Records for the exercise:
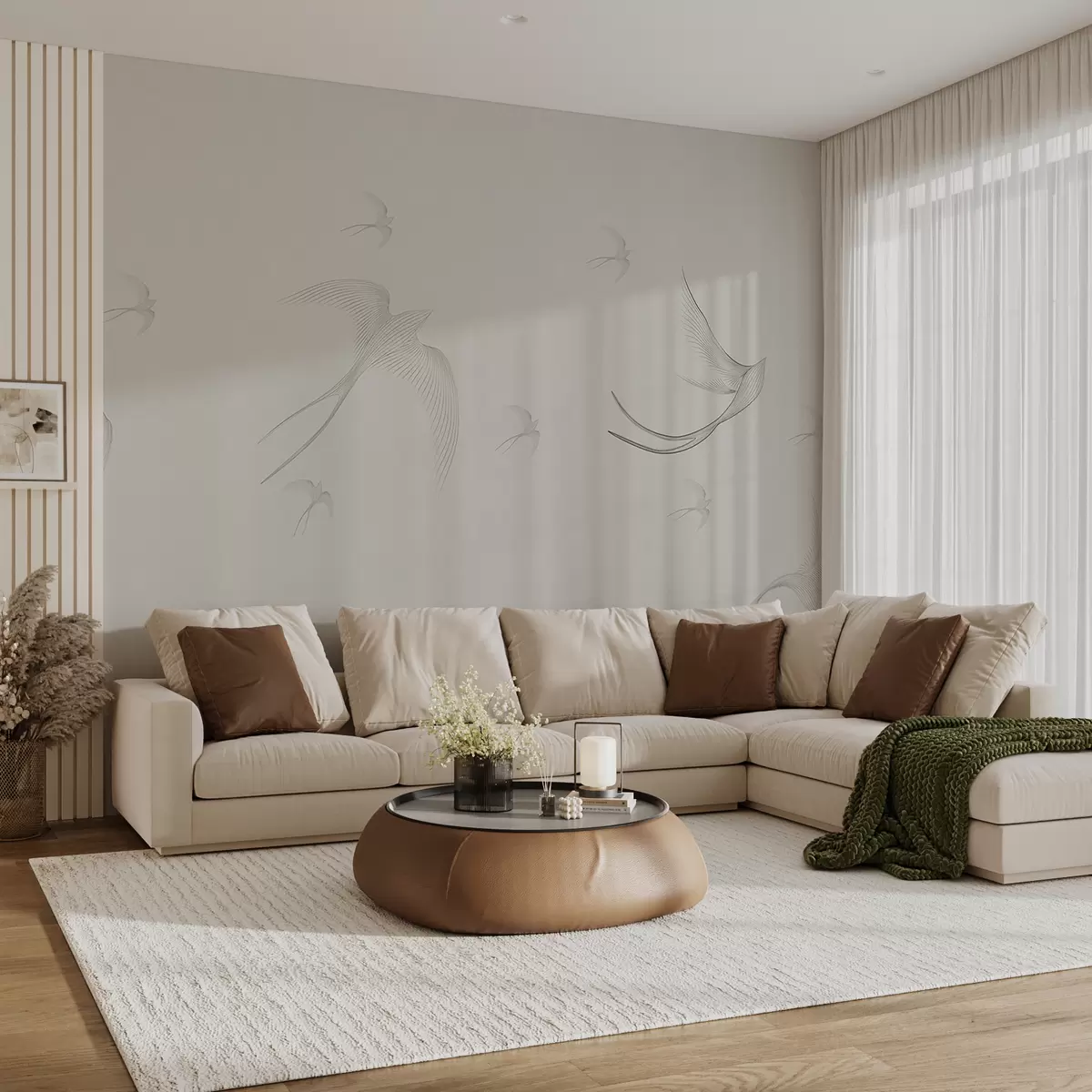 Murais de parede Andorinhas lineares em um fundo bege Nr. w01264v1
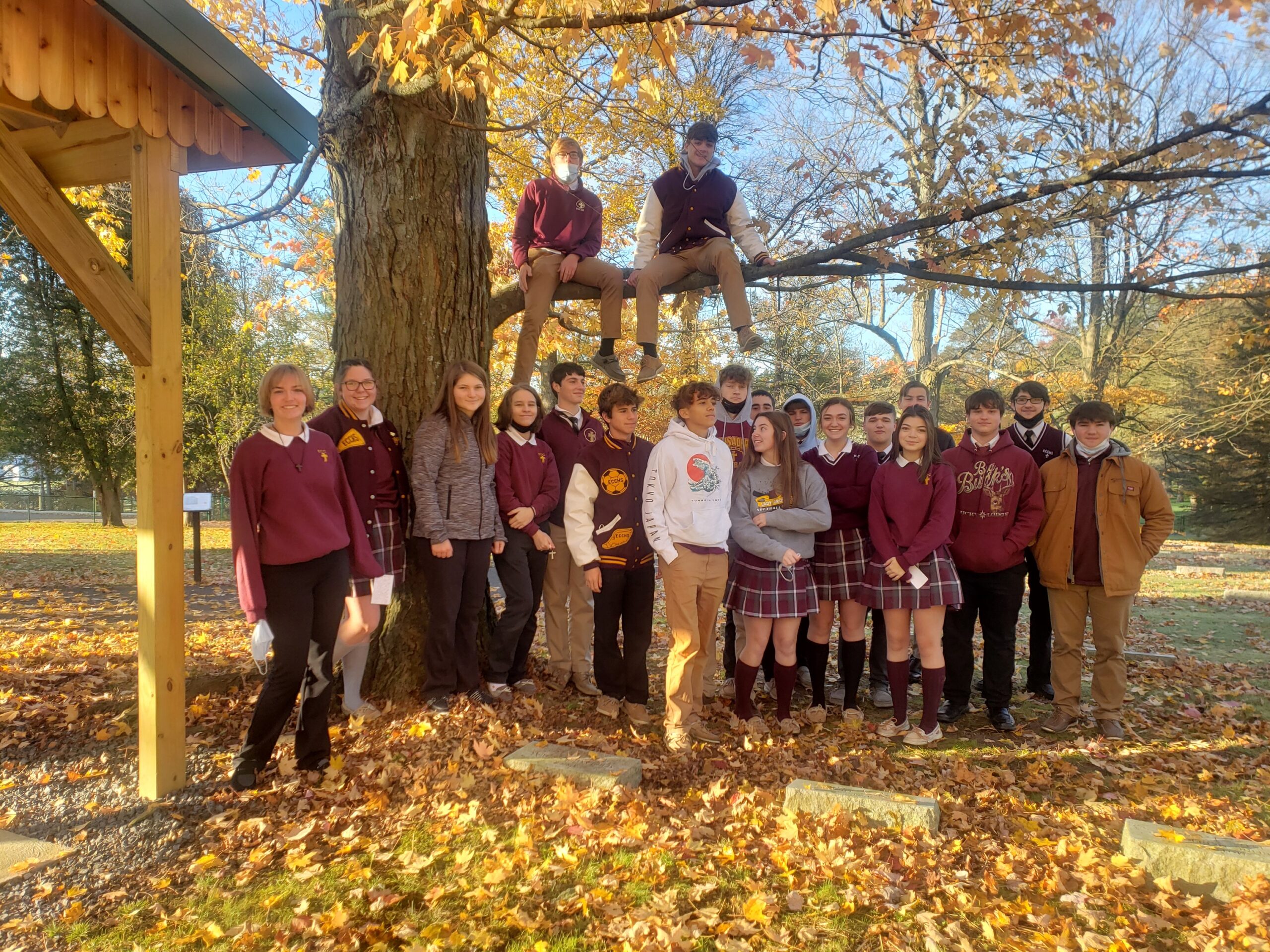 This week, Mrs. Messineo’s English classes made their way over to the beautiful cemetery behind St. Marys Parish Center. Once there, the students recited The Saint Gertrude Prayer releasing 5,800 souls from purgatory. These students would like to encourage everyone to visit a cemetery this month and pray to Saint Gertrude.
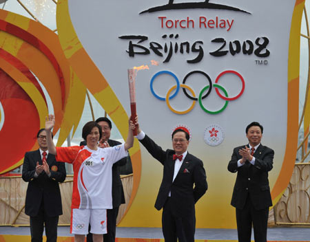 "Today, the Olympic torch relay resumes on Chinese soil after its global journey across five continents. It is a great and solemn honor for Hong Kong, Asia's world city, to be the first city in China to welcome back the Olympic flame on behalf of our proud nation," said Donald Tsang, chief executive of the Hong Kong Special Administrative Region, before he handed the first torch to Lee.
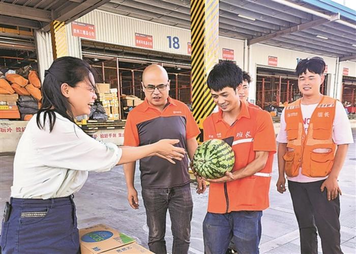 管委会工作人员将凉茶、西瓜等物资送到一线快递员手中,叮嘱大家一定要提高安全意识,劳逸结合,防止高温中暑,保证安全。同时,要求企业负责人落实好高温季节劳动保护政策,全力做好安全生产工作。本报通讯员 邓永基 摄
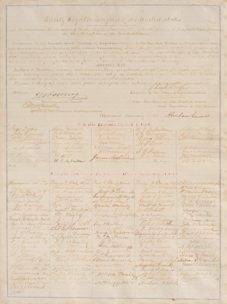 The 13th Amendment copy on offer is among only 15 recorded manuscript copies signed by Lincoln, and one of just nine with his signature alongside those of the senators and congressmen who passed it for ratification by the states. Of these, only four remain in private hands, with this example bearing the most signatures of supporting legislators — an extraordinary 96%.
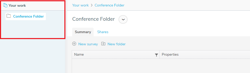 Folders help to organise surveys and other subfolders in Your work. They keep related surveys together in one place, which can help group surveys together for sharing with other users.

What you are asked to do:
Write out the data exactly, and exclude every picture it holds.

Result of this exercise:
 Murais de parede Andorinhas lineares em um fundo bege Nr. w01264v1
 This week, Mrs. Messineo’s English classes made their way over to the beautiful cemetery behind St. Marys Parish Center. Once there, the students recited The Saint Gertrude Prayer releasing 5,800 souls from purgatory. These students would like to encourage everyone to visit a cemetery this month and pray to Saint Gertrude.
 "Today, the Olympic torch relay resumes on Chinese soil after its global journey across five continents. It is a great and solemn honor for Hong Kong, Asia's world city, to be the first city in China to welcome back the Olympic flame on behalf of our proud nation," said Donald Tsang, chief executive of the Hong Kong Special Administrative Region, before he handed the first torch to Lee.
 管委会工作人员将凉茶、西瓜等物资送到一线快递员手中,叮嘱大家一定要提高安全意识,劳逸结合,防止高温中暑,保证安全。同时,要求企业负责人落实好高温季节劳动保护政策,全力做好安全生产工作。本报通讯员 邓永基 摄
 The 13th Amendment copy on offer is among only 15 recorded manuscript copies signed by Lincoln, and one of just nine with his signature alongside those of the senators and congressmen who passed it for ratification by the states. Of these, only four remain in private hands, with this example bearing the most signatures of supporting legislators — an extraordinary 96%.
 Folders help to organise surveys and other subfolders in Your work. They keep related surveys together in one place, which can help group surveys together for sharing with other users.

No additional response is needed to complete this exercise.